Topics for children's picture books - death? by Sandra Horn
First of all, thank you so much Griselda Hamway, for gifting me this date when I'd failed to blog on 20th.
Our very much loved choir leader, Pauline, died recently. She’s had inoperable brain tumours. One afternoon soon after her diagnosis, I shared this poem with her.
CONSERVATION OF MATTER
I am closer, now, to my after
than I am to my before.
This lively mass of atoms
I now know as ‘me’,
was here at the beginning;
scattered after the Bang,
then gathering, dispersing, re-grouping
times out of mind, shapes out of imagining:
Slime-mould, starlight, dormouse, willow tree,
man, beast, parasite, building block,
blade of grass, hover fly, china clay,
drop in the ocean, grape-pip,
earthworm, raincloud, prickle, soot –
and when I break, dissolve,
when I am no longer me –
the atoms will re-form to be
slime-mould, starlight, dormouse, willow tree?
I wrote it to comfort myself and was so relieved and pleased that it comforted her too – and she asked me to read it at her funeral. It seemed to strike a chord with quite a few people. My first attempt at making sense of death for myself was writing Tattybogle, in which the tired and tattered old scarecrow is blown to pieces in an autumn gale, reduced to a stick which is dormant all winter, and is re-made in spring when the stick puts down roots and grows into a ‘beautiful golden tree’ (as dead-looking hazel and willow branches can).

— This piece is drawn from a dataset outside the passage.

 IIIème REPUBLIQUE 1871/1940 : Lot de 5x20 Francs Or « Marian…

The thing about it is that is exists on several levels – Ken Brown’s gorgeous illustrations include two mice who live with the scarecrow – one in his hat, the other in his pocket. With very small children, the story can be about finding the mice on every page and following their story. Older children enjoy the ‘blown all to pieces’ part, especially his head flying through the air! Even older children, or adults, understand that it is about death and rebirth, or even resurrection, as one vicar insisted, and it has been used in hospices and in explaining death of a loved one to children. In a way, it’s in the tradition of Badger’s Parting Gifts by Susan Varley but it differs in that it is a more oblique take on the topic. It can be a very simple story about mice, a story about the seasons, or an approach to the topic of death.
Children’s authors often tackle difficult topics by using animals as people-substitutes – as in Badger’s Parting Gifts.

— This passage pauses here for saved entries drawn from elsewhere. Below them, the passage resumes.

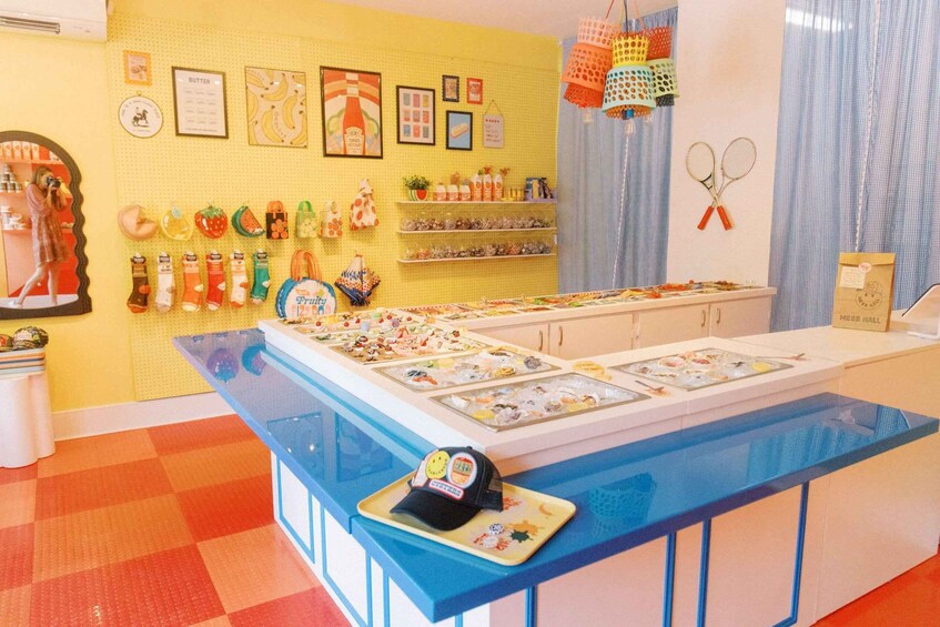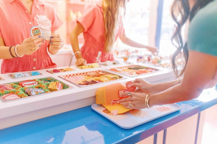 Create your own custom trucker hat at the Mess Hall Lorry Shop, a camp cafeteria-themed interactive hat buffet where you get to choose from a vast and playful selection of iron-on patches, pins, and buttons to decorate your hat or tote bag and create a one-of-a-kind souvenir.
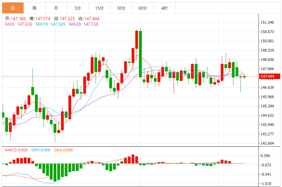周三(9月10日),美元/日元下跌147.441,暂报147.436,涨幅0.02%。
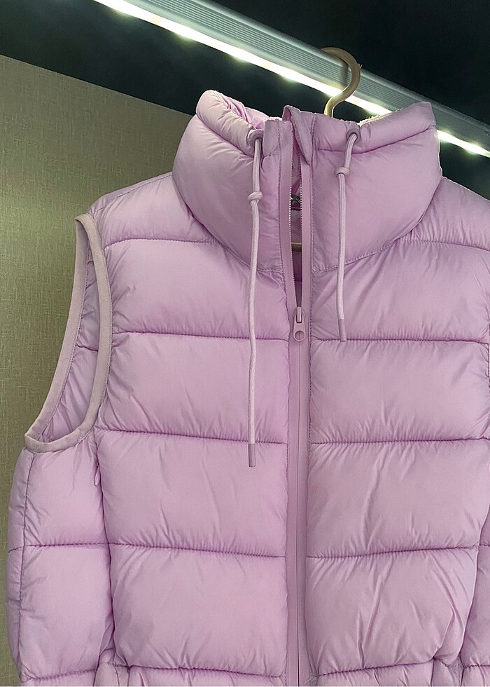Lila rengi crop şişme yelek, tam kalıp oversize değil.
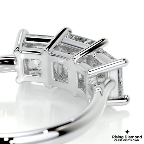 3.8 CTW Princess Cut Colorless Moissanite Three Stone Ring
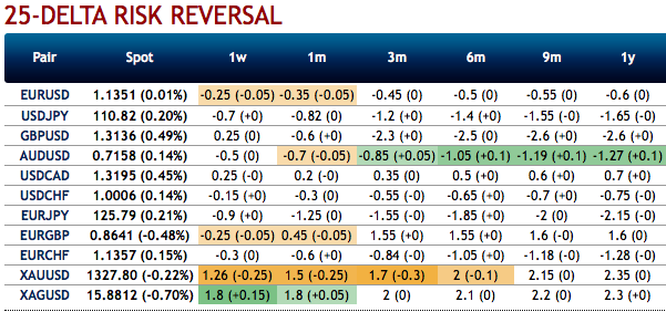 One could see fresh negative bids in the existing bullish risk reversal setup. To substantiate the above bullish sentiment, risk reversal numbers indicate an overall bullish environment.

There’s another rather old story, When the Porcupine Moved In by Cora Annett, in which a rabbit’s life is turned upside-down by an unwelcome, grumpy, demanding guest. It’s fun. I’ve also used it to teach about chronic pain; it’s such a brilliant analogy!
Shadowhog is about being afraid (as I was as a child) of creepy shadows, or it’s just about little hedgehogs.
I’m not even sure I’m entitled to comment/trumpet blow like this any more, as it’s a good long while since my last picture book came out, but here it is. Maybe I’ll shut up now…
Comments
And you hit the nail on the head in your second to last paragraph. Its fascinating how we've gone back 150 years to the solemn puritanical mode of writing for children in the Victorian era, with stories blazing How To Be Good with great righteousness rather than subtle imagination. What child wants to read a story telling him/her to Be Kind? You might as well give them Mrs Do As You Want To Be Done By from the Water Babies and be done with it. Whereas Goose Anna gives the same message but revealed through the story, not trumpeted in words. Whatever happened to Show, don't Tell?
Delighted for you to post today, by the way. Tomorrow is my scheduled day.